Arfee the Labrador was shot by a Coeur d’Alene police officer in July. His owner, Craig Jones, has filed a claim with the city.
Arfee the Labrador was shot by a Coeur d’Alene police officer in July. His owner, Craig Jones, has filed a claim with the city.

The loss and pain from the unjustified police shooting of Arfee in Coeur d’Alene last July is worth $350,000, the dog’s owner says in a claim filed with the city Tuesday.

Craig Jones and his attorney will give the city 90 days to settle or they’ll file a federal lawsuit alleging, in part, illegal police seizure of the 2-year-old Labrador, which died from a gunshot wound to the chest inside its owner’s van in July.

“I do think it’s a very reasonable offer given the history of other cases around the country, given the epidemic of police killing people’s companion dogs, and the failure of police departments to take this as seriously as they should and to rectify it,” said Adam Karp, a Bellingham attorney who specializes in animal law.

The City Council will discuss the claim in an upcoming executive session, City Attorney Mike Gridley said.

“I look forward to talking with Mr. Karp regarding this and the damages in the case,” Gridley said.

The claim names the city, the police department and Officer David Kelley, who shot Arfee through the window of the van, which Jones had parked outside a downtown coffee shop. Kelley said he fired because he was afraid of being bitten in the face by the dog when it lunged at him through a partially open window.

A city review board and an external review committee both found that the shooting violated department policy for use of deadly force.

Karp last year obtained a $100,000 settlement for a family whose pet Newfoundland was shot four times with an assault rifle by a Des Moines, Washington, police officer while it was running loose. In the Arfee claim he refers to comparable awards, including $333,000 for a Lab shot and killed by a Chicago police officer in 2009.
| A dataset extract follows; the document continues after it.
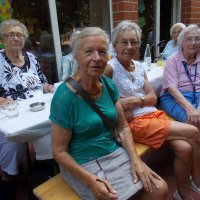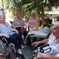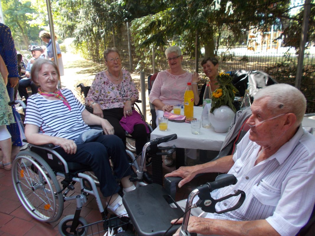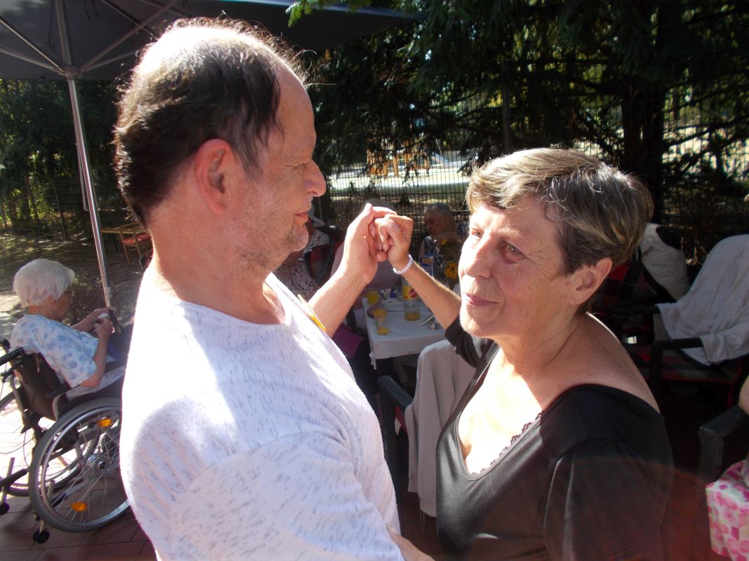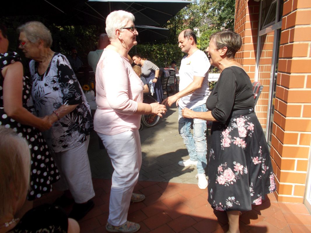 Bei prächtigem Wetter haben wir am 25.07.2019 im HEWAG-Seniorenstift unser Sommerfest gefeiert. Petrus hat es wirklich sehr gut gemeint, strahlend blauer Himmel und die hohen Sträucher und Bäume, die Schatten gespendet haben, war der Garant für ein perfektes Fest. Das Fest stand unter dem Motto: Die 60er und 70 er Jahre“. Dave Haiden unser Alleinunterhalter hat durch seine schöne Auswahl an Liedern, allen eine große Freude bereitet. Dazu der Elvis Imitator Nevrez, der sich an diesem Nachmittag in Höchstform präsentierte. Einige Bewohnerinnen nutzten die Möglichkeit, sich mit dem über die Stadtmauer bekannten Künstler fotografieren zu lassen. Zum Sommer passen immer leckere Würstchen und diverse frische Salate, zusammen mit der Tombola Aktion, war das ein runder und schöner Nachmittag.

“This case is based on the value of Arfee, of course, to Mr. Jones,” Karp said Tuesday. “There’s also essentially the ‘psychic totaling’ of the vehicle, for lack of a better description. … So every time Mr. Jones would have to get into that van, he’d have to essentially re-enact in his mind the horror of what happened to his dog and the blood stains. Essentially it totaled the vehicle.”

The claim also seeks damages for “the emotional distress, the wrecking of his life, over this event,” Karp said. “And that’s where I think you see a substantial part of the damages.”

Finally, Jones is seeking punitive damages for errors police made. Those include Kelly firing his weapon in a way that could have jeopardized his partner on the other side of the van, any people who could have been inside the van or any pedestrians in the area, the claim states.

The police review of the shooting concluded, “The potential for injury to citizens, including a potential suspect in the vehicle, does not appear to have been factored in to the decision prior to using deadly force.”

Karp said if the city does not agree to settle with Jones he will file the suit in federal court because the city violated his client’s right of protection against unlawful property seizure under the Fourth Amendment.

“Honestly I don’t think there’s any dispute that this was unreasonable (seizure),” Karp said. “Internal and external investigations both confirm.”

Karp said he has advised Jones not to comment at this time.